» YOUR ASSIGNMENT: Beginning with the line that contains "Stunning cubic zirconias", repeat each line exactly through the end of the listing below. Pictures stay out.

» DATASET SECTION:
──────────
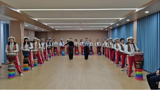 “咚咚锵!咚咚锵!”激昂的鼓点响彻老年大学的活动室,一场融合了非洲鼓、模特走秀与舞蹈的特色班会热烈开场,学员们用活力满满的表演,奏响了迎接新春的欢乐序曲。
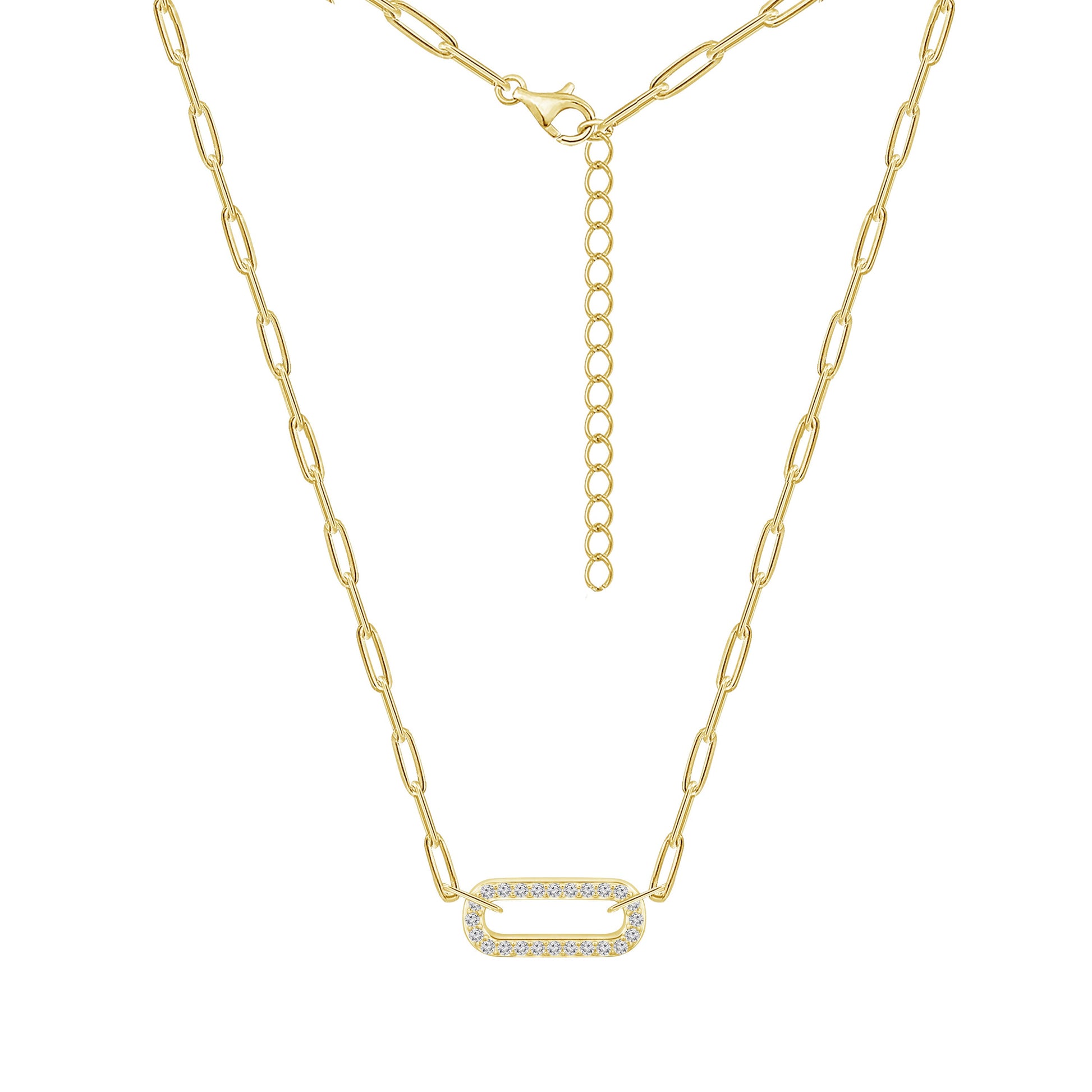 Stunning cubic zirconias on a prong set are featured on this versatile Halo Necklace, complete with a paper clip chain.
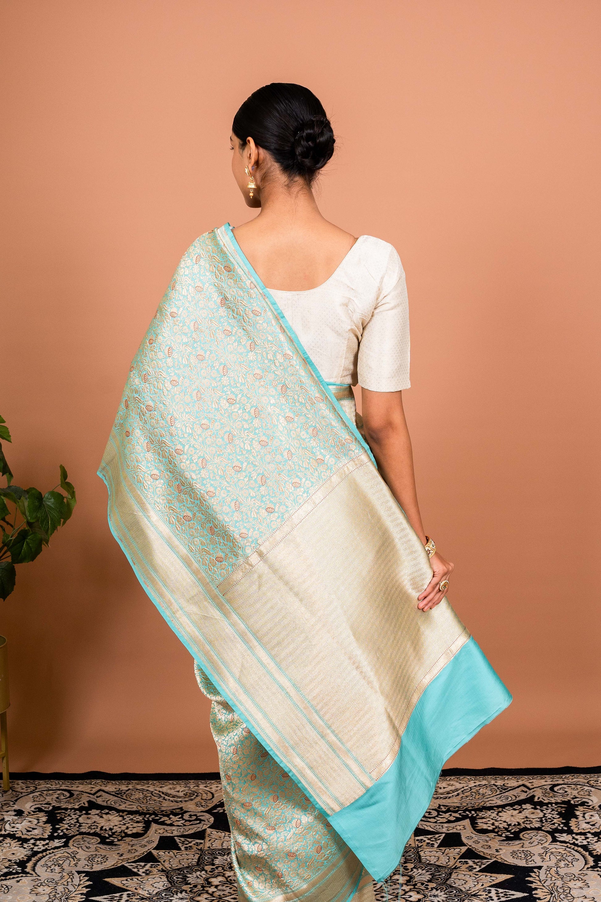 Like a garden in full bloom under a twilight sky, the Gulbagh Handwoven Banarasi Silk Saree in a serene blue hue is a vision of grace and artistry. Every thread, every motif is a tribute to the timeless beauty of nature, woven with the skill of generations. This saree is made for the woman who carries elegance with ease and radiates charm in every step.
──────────
» EXERCISE RESULT:
 Stunning cubic zirconias on a prong set are featured on this versatile Halo Necklace, complete with a paper clip chain.
 Like a garden in full bloom under a twilight sky, the Gulbagh Handwoven Banarasi Silk Saree in a serene blue hue is a vision of grace and artistry. Every thread, every motif is a tribute to the timeless beauty of nature, woven with the skill of generations. This saree is made for the woman who carries elegance with ease and radiates charm in every step.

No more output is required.